| PROBLEM DETAILS |
Exact repetition is required: output every record in full.
______________________________
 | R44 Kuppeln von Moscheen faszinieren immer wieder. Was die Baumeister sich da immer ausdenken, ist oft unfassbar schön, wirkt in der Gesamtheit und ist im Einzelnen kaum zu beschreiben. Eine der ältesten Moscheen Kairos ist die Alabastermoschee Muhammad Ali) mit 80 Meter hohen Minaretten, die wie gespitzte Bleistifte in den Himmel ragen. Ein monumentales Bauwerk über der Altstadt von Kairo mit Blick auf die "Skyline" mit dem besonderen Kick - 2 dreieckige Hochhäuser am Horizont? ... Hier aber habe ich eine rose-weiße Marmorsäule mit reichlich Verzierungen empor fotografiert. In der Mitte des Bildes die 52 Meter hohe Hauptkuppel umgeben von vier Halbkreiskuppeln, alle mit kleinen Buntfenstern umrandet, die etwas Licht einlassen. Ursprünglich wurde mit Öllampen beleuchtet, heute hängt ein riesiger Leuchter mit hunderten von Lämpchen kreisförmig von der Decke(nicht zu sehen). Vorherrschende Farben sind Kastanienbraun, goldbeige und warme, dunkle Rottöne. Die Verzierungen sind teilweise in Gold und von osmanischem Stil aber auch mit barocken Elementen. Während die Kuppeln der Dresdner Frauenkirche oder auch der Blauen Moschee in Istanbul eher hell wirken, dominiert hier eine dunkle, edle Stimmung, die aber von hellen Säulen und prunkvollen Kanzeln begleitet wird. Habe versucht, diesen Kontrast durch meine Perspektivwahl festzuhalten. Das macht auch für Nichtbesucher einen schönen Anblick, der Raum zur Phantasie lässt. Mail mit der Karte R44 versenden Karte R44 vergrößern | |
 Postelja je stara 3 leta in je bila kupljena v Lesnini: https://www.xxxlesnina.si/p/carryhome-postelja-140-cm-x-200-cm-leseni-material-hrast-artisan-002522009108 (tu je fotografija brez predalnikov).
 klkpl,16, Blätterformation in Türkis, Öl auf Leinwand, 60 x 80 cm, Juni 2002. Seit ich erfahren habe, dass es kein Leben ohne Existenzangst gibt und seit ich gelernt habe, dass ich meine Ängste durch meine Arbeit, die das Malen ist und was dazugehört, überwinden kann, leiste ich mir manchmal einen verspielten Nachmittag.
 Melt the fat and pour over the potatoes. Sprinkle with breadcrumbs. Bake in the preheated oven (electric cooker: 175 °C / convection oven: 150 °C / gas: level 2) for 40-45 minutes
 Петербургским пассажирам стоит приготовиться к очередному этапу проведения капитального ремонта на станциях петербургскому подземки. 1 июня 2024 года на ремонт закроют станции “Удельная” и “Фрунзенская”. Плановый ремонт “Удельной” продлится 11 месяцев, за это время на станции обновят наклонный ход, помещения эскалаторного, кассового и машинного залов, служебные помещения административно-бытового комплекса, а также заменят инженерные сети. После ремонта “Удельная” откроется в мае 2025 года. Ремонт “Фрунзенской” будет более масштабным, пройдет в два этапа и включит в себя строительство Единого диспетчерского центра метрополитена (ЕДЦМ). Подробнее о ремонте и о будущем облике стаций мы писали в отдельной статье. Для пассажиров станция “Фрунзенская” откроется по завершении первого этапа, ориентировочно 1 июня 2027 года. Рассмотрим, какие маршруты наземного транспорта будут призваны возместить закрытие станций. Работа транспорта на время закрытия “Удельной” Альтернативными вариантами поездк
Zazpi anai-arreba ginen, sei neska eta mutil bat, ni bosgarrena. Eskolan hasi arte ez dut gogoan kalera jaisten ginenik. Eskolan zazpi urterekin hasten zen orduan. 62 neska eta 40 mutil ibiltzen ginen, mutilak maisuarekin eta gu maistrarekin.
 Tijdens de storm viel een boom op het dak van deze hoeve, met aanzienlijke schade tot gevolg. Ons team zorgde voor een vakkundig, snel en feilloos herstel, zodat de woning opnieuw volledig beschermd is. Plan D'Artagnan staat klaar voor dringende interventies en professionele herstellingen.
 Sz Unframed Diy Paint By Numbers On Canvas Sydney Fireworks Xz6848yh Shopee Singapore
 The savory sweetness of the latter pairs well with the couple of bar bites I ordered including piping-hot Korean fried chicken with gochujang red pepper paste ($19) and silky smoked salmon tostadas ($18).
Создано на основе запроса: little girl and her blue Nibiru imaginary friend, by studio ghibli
______________________________
| WRITTEN ANSWER |
 | R44 Kuppeln von Moscheen faszinieren immer wieder. Was die Baumeister sich da immer ausdenken, ist oft unfassbar schön, wirkt in der Gesamtheit und ist im Einzelnen kaum zu beschreiben. Eine der ältesten Moscheen Kairos ist die Alabastermoschee Muhammad Ali) mit 80 Meter hohen Minaretten, die wie gespitzte Bleistifte in den Himmel ragen. Ein monumentales Bauwerk über der Altstadt von Kairo mit Blick auf die "Skyline" mit dem besonderen Kick - 2 dreieckige Hochhäuser am Horizont? ... Hier aber habe ich eine rose-weiße Marmorsäule mit reichlich Verzierungen empor fotografiert. In der Mitte des Bildes die 52 Meter hohe Hauptkuppel umgeben von vier Halbkreiskuppeln, alle mit kleinen Buntfenstern umrandet, die etwas Licht einlassen. Ursprünglich wurde mit Öllampen beleuchtet, heute hängt ein riesiger Leuchter mit hunderten von Lämpchen kreisförmig von der Decke(nicht zu sehen). Vorherrschende Farben sind Kastanienbraun, goldbeige und warme, dunkle Rottöne. Die Verzierungen sind teilweise in Gold und von osmanischem Stil aber auch mit barocken Elementen. Während die Kuppeln der Dresdner Frauenkirche oder auch der Blauen Moschee in Istanbul eher hell wirken, dominiert hier eine dunkle, edle Stimmung, die aber von hellen Säulen und prunkvollen Kanzeln begleitet wird. Habe versucht, diesen Kontrast durch meine Perspektivwahl festzuhalten. Das macht auch für Nichtbesucher einen schönen Anblick, der Raum zur Phantasie lässt. Mail mit der Karte R44 versenden Karte R44 vergrößern | |
 Postelja je stara 3 leta in je bila kupljena v Lesnini: https://www.xxxlesnina.si/p/carryhome-postelja-140-cm-x-200-cm-leseni-material-hrast-artisan-002522009108 (tu je fotografija brez predalnikov).
 klkpl,16, Blätterformation in Türkis, Öl auf Leinwand, 60 x 80 cm, Juni 2002. Seit ich erfahren habe, dass es kein Leben ohne Existenzangst gibt und seit ich gelernt habe, dass ich meine Ängste durch meine Arbeit, die das Malen ist und was dazugehört, überwinden kann, leiste ich mir manchmal einen verspielten Nachmittag.
 Melt the fat and pour over the potatoes. Sprinkle with breadcrumbs. Bake in the preheated oven (electric cooker: 175 °C / convection oven: 150 °C / gas: level 2) for 40-45 minutes
 Петербургским пассажирам стоит приготовиться к очередному этапу проведения капитального ремонта на станциях петербургскому подземки. 1 июня 2024 года на ремонт закроют станции “Удельная” и “Фрунзенская”. Плановый ремонт “Удельной” продлится 11 месяцев, за это время на станции обновят наклонный ход, помещения эскалаторного, кассового и машинного залов, служебные помещения административно-бытового комплекса, а также заменят инженерные сети. После ремонта “Удельная” откроется в мае 2025 года. Ремонт “Фрунзенской” будет более масштабным, пройдет в два этапа и включит в себя строительство Единого диспетчерского центра метрополитена (ЕДЦМ). Подробнее о ремонте и о будущем облике стаций мы писали в отдельной статье. Для пассажиров станция “Фрунзенская” откроется по завершении первого этапа, ориентировочно 1 июня 2027 года. Рассмотрим, какие маршруты наземного транспорта будут призваны возместить закрытие станций. Работа транспорта на время закрытия “Удельной” Альтернативными вариантами поездк
Zazpi anai-arreba ginen, sei neska eta mutil bat, ni bosgarrena. Eskolan hasi arte ez dut gogoan kalera jaisten ginenik. Eskolan zazpi urterekin hasten zen orduan. 62 neska eta 40 mutil ibiltzen ginen, mutilak maisuarekin eta gu maistrarekin.
 Tijdens de storm viel een boom op het dak van deze hoeve, met aanzienlijke schade tot gevolg. Ons team zorgde voor een vakkundig, snel en feilloos herstel, zodat de woning opnieuw volledig beschermd is. Plan D'Artagnan staat klaar voor dringende interventies en professionele herstellingen.
 Sz Unframed Diy Paint By Numbers On Canvas Sydney Fireworks Xz6848yh Shopee Singapore
 The savory sweetness of the latter pairs well with the couple of bar bites I ordered including piping-hot Korean fried chicken with gochujang red pepper paste ($19) and silky smoked salmon tostadas ($18).
Создано на основе запроса: little girl and her blue Nibiru imaginary friend, by studio ghibli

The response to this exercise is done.